Housing choice exists here. The question is not whether flexibility is possible—it is how much additional flexibility is responsible land use through Planned Developments, and what that flexibility means for the Harbor Springs community.
Not every parcel is the same. Small parcels are woven into established neighborhoods. Others are larger tracts that represent the last significant redevelopment opportunities in Harbor Springs. The future use of these larger parcels as well as reconfigured smaller parcels in existing neighborhoods will shape our community for generations.
Applying the same flexible Planned Development tool to every parcel, regardless of size, location, infrastructure capacity, or neighborhood context, ignores real and inherent differences between properties. Planned Developments does not mean identical treatment—it means recognizing differences responsibly.
Large parcels carry greater cumulative impacts: more traffic, more demand on infrastructure, greater visual scale, higher population intensity, and long-term shifts in character. Once those decisions are made, they cannot be undone.
Voters Importance
We must also be aware that the defeat of Ordinance 439 at the ballot box reinforced a clear message from the community: development density matters, and voters want a direct voice in deciding it. Whether one supported or opposed Ordinance 439, the outcome provided guidance. It signaled caution about increasing density and changing the scale of development in Harbor Springs. How we uphold that voter guidance is an important factor now.
If the community has said no to broader density increases, then we must carefully examine whether the use of Planned Developments reintroduced density incrementally. Even well-intentioned flexibility can feel like an end-run around a public decision if it produces outcomes similar to what was rejected. Public trust depends not only on legal authority of the Planning Commission but an alignment with voter intent.
We also hear, rightly, about multigenerational housing and aging in place. Every generation has different needs.
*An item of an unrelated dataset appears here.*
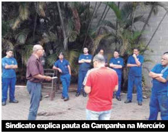
Sindicato explica pauta da Campanha na Mercúrio

Older residents may want smaller homes. Families may need moderate-scale housing. Seasonal residents increase peak demand. Investors respond to opportunity. The zoning code must distinguish between these realities. Not all growth is the same, and not all impacts are equal.
Looking backward matters because Harbor Springs has evolved carefully over decades. Looking forward matters even more because the decisions we make on the remaining larger parcels and incremental changes within smaller parcels will define our scale permanently.
Planned Developments are powerful tools. In larger cities, incremental increases may spread across a broad geography. In Harbor Springs, incremental increases compound quickly. A handful of approvals on key sites could shift density, infrastructure demand, and character in ways that cannot be undone. This is not anti-growth. It is proportional planning. The smaller the city, the more precise the planning must be.
Harbor Springs is a historic waterfront community in a tourism-driven market with limited infrastructure and a land base that is fully defined. Our peak seasonal population already exceeds our year-round census. That combination is rare, and our zoning response should reflect that reality.
When considering the future of larger parcels, clear density expectations in advance, tie any deviation to measurable public benefit, evaluate infrastructure capacity first, and consider cumulative impacts, not just project-by-project impacts matters to our voters, neighborhoods and our land owners.
Every generation deserves thoughtful planning. Thoughtful planning in Harbor Springs must be precise, transparent, and grounded in who we actually are—and in what our voters have clearly expressed.
Because we are small.
Because we are built out.
Because we serve many competing interests within 1.3 square miles.
Because a few remaining parcels and changes within existing neighborhoods will determine our long-term identity.
And because the ballot box has already spoken on density.
Looking back reminds us how carefully this community has been shaped. Looking forward requires equal care—and respect for voter guidance—as we decide what comes next.